An opinion article (in English) about Covid-19 stimulus measures and the necessity to safeguard nature to reduce the risk of future pandemics
By IPBES members, this article underlines the role of human activity in the emergence of the Covid-19 pandemic (“Pandemics, are caused by activities that bring increasing numbers of people into direct contact and often conflict with the animals that carry these pathogens”). These activities are linked to deforestation, uncontrolled expansion of agriculture, infrastructure development and the exploitation of wild species.
Because future pandemics are likely to happen more frequently and spread more rapidly, and in line with its Global Assessment Report published in 2019, the IPBES underlines that three important considerations should be central to the economic stimulus plans already being implemented:
(i) Ensuring the strengthening and enforcement of environmental regulations;
(ii) Adopting a “One Health” approach at all levels of decision-making (i.e. recognition of the interconnections between the health of people, animals, plants and their shared environment);
(iii) A properly funded health system.
An opinion article (in English) about the need to respect planetary boundaries and the resilience imperative
By Johan Rockström and Ottmar Edenhofer, this article underlines that the 21st century will likely be characterized by “speed, scale, connectivity and surprise” with climate change, mass extinctions and global pandemics.

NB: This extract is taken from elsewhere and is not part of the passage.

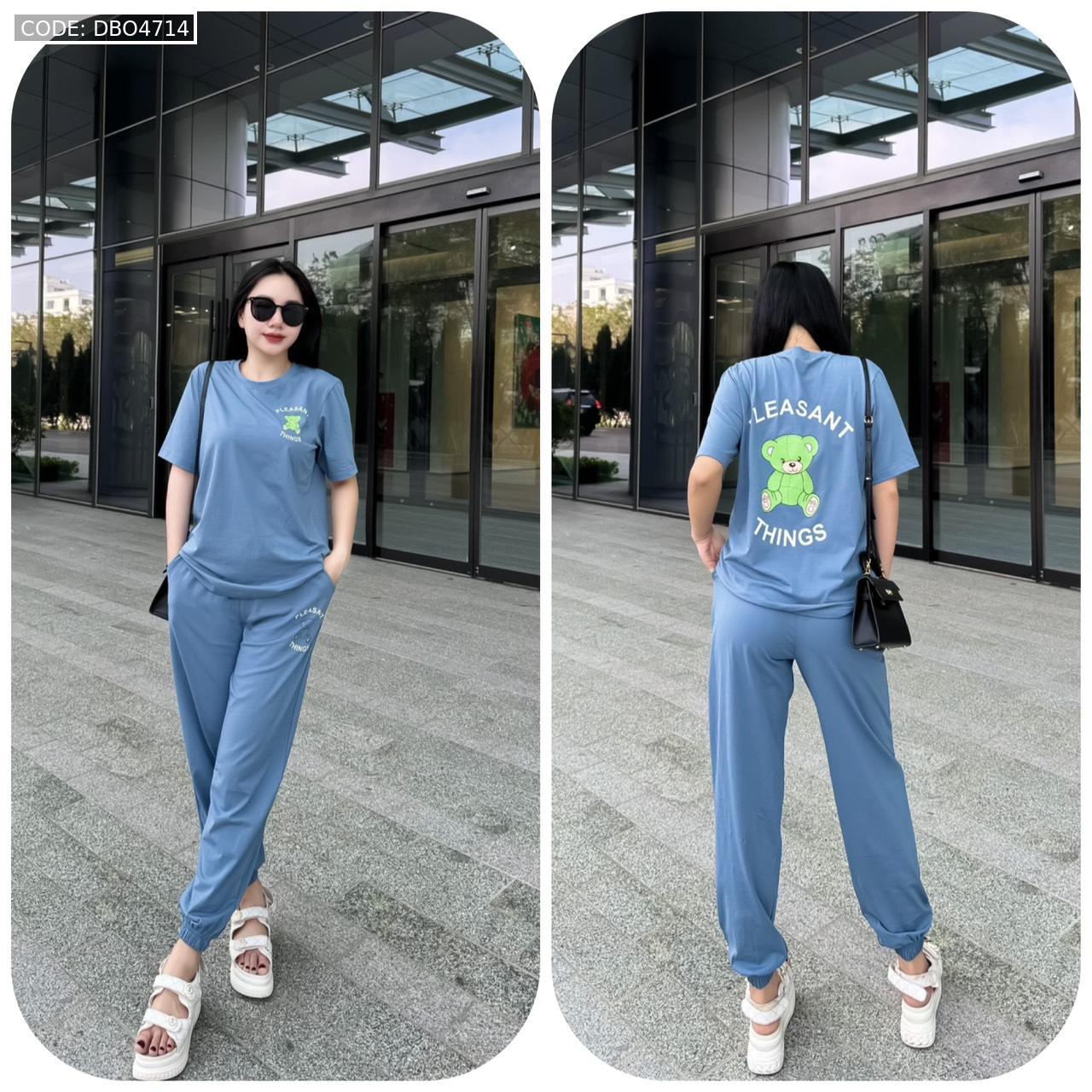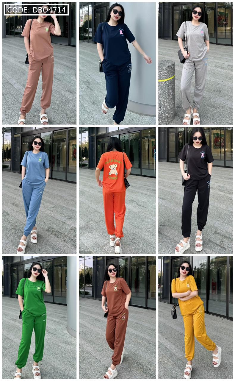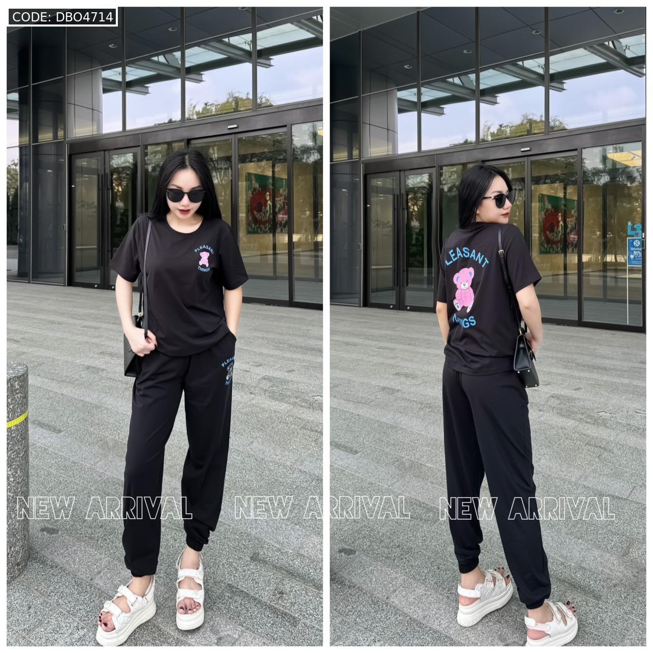 Đồ bộ quần dài bo thun áo tay ngắn in hình gấu

This is why today’s stimulus plans must, according to these ecological economists (who developed the “planetary boundaries” framework explained here by Policy Shift), promote long term economic resilience through effective governance of the global commons. According to the article, three reforms are essential :
(i) A green recovery plan - with an increase in carbon prices so as not to lock in a high-carbon economy; long term maturity bonds; and design of supply chains based on geographical diversification;
(ii) Generating human prosperity within planetary boundaries, by adopting science-based targets (beyond avoiding global warming);
(iii) Strengthen the governance of humanity’s global commons, by increasing the capacity of institutions such as the World Health Organization and the UN Environment Program.